At the information desk you can find

  • The lost and found
  • Passport and ID card distribution
  • Official documents distribution
  • Application for certificates
  • Yellow bag, grey garbage bags and a container for compost.
  • The cashier
  • General information

In the «Bürgerbüro» you can find:

  • Applications for ID cards, passports and child passports
  • Registering residence or giving notice of departure
  • Tax card information
  • Approved copies of documents (5- Euro per paper)
  • Documents for voting

The office has a call system to organize who is next in line. When you go there get a number from the machine right away.
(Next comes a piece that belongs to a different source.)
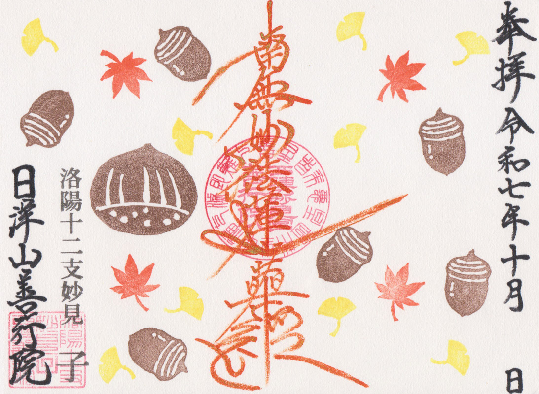 日蓮宗において重視する経典 法華経への信仰を表す「御題目(おだいもく)」を記したもの。日蓮宗寺院では御朱印とは区別し授与されています。令和7年10月に期間限定で授与できる御朱印です。
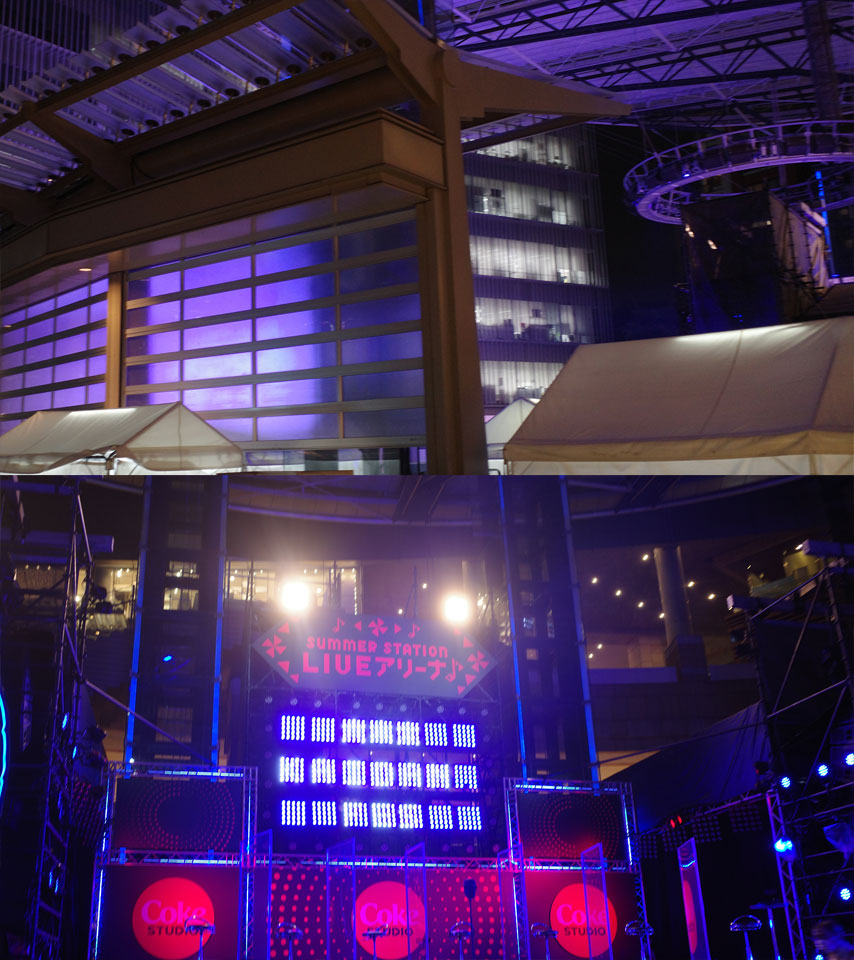 ヒルズのアリーナ、昼間はいろんな人たちが音楽してるようなのですが、夜には怪談やってたのです。日替わりで出演者がかわり、計8回公演、かな。とはいえ音はアリーナの囲いのそとにもれても姿が見えなければ問題ない音楽ライブとと違って語りがメインの怪談は外に聞こえてはいけないのでこんなものを。

Every birth, adoption, wedding, divorce and death must be registered at the «Standesamt».

After the birth of a child the parents have 15 days to register it. In Landshut the clinic often does this for you. Also midwifes or the doctor will f ill out the form which the parents must bring to the office.

In a German-foreign marriage the non-German’s national laws have to be considered as well so that the marriage/divorce is valid in their homecountry. The «Standesamt» will see if the couple may actually get married.

Documents needed for marriage

  • Birth certificate
  • Passport
  • Any applicable visas

Many foreign documents must not only be translated but also have to be legalized and approved by a German consulate or embassy; this can take a long period of time.

Every death has to be registered as soon as possible. At hospitals and at funeral homes the formalities will often be done for you.